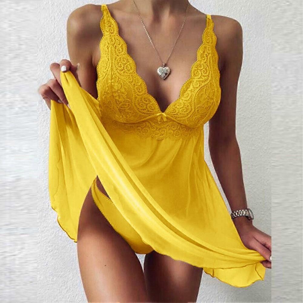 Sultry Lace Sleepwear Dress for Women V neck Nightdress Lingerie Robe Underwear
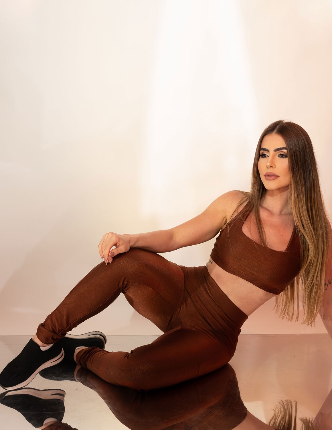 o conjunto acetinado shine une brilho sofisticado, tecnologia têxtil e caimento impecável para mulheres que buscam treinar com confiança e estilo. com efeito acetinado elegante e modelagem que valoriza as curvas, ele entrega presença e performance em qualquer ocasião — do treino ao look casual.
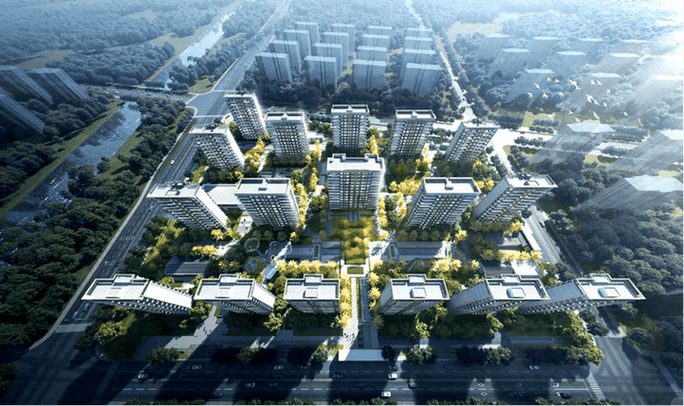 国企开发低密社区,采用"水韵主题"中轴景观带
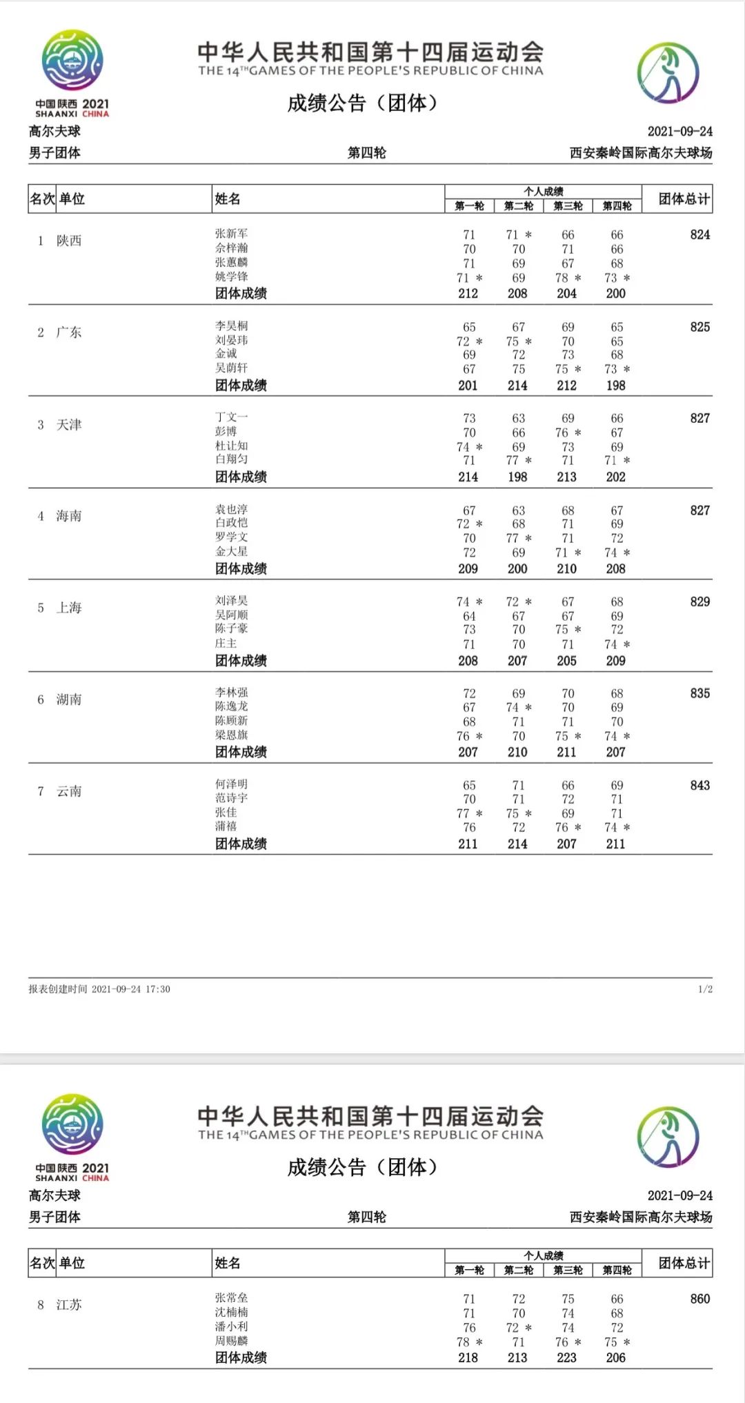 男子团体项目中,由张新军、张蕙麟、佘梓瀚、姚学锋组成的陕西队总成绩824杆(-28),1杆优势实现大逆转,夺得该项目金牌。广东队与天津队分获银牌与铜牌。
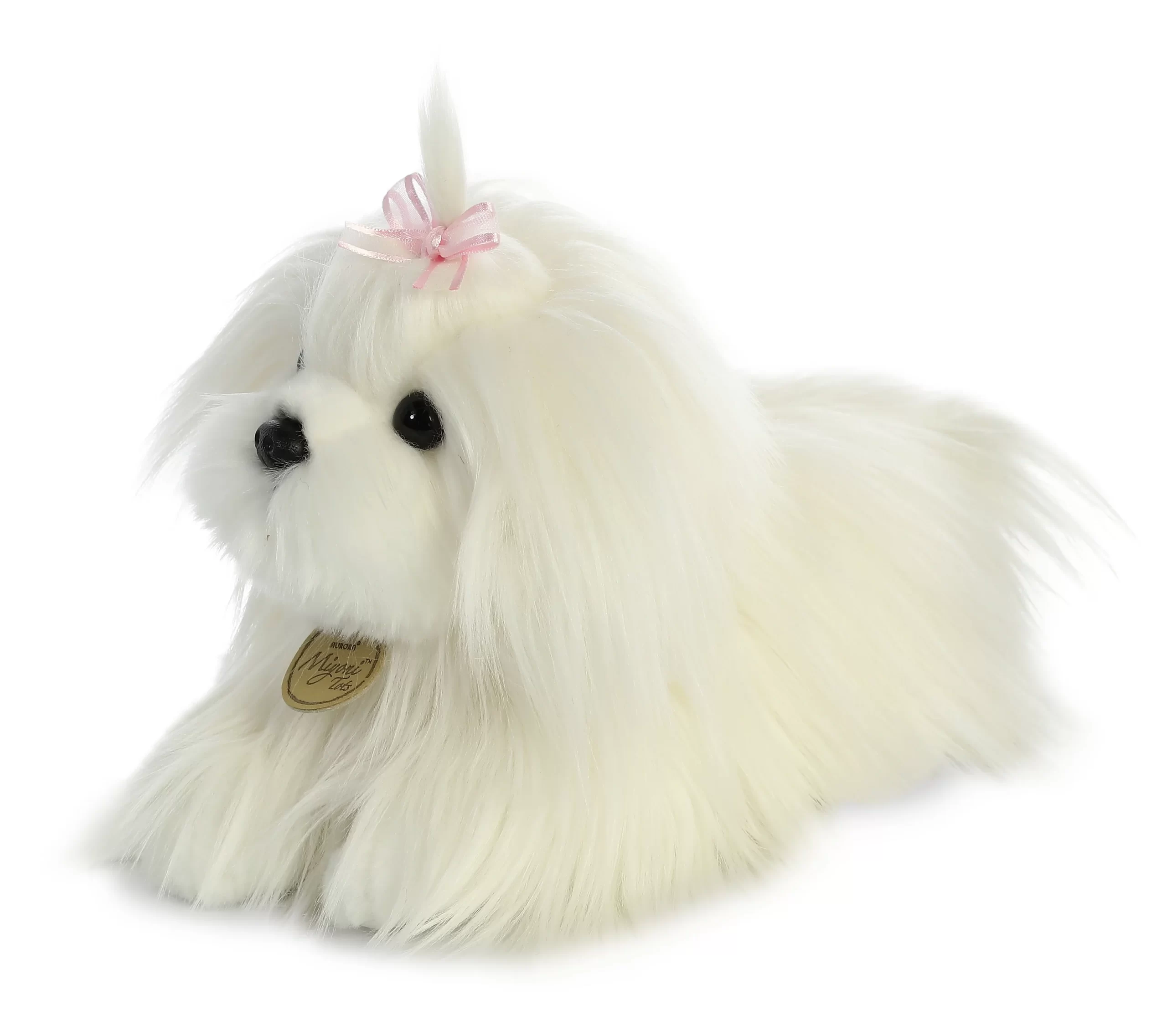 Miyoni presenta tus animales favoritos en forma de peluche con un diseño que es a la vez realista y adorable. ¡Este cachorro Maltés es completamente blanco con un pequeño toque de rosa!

┄┄┄┄┄┄┄┄┄┄┄┄┄┄┄┄┄┄┄┄

Word for word, restate the records above and drop the pictures.

→ RESPONSE TO THIS EXERCISE
 Sultry Lace Sleepwear Dress for Women V neck Nightdress Lingerie Robe Underwear
 o conjunto acetinado shine une brilho sofisticado, tecnologia têxtil e caimento impecável para mulheres que buscam treinar com confiança e estilo. com efeito acetinado elegante e modelagem que valoriza as curvas, ele entrega presença e performance em qualquer ocasião — do treino ao look casual.
 国企开发低密社区,采用"水韵主题"中轴景观带
 男子团体项目中,由张新军、张蕙麟、佘梓瀚、姚学锋组成的陕西队总成绩824杆(-28),1杆优势实现大逆转,夺得该项目金牌。广东队与天津队分获银牌与铜牌。
 Miyoni presenta tus animales favoritos en forma de peluche con un diseño que es a la vez realista y adorable. ¡Este cachorro Maltés es completamente blanco con un pequeño toque de rosa!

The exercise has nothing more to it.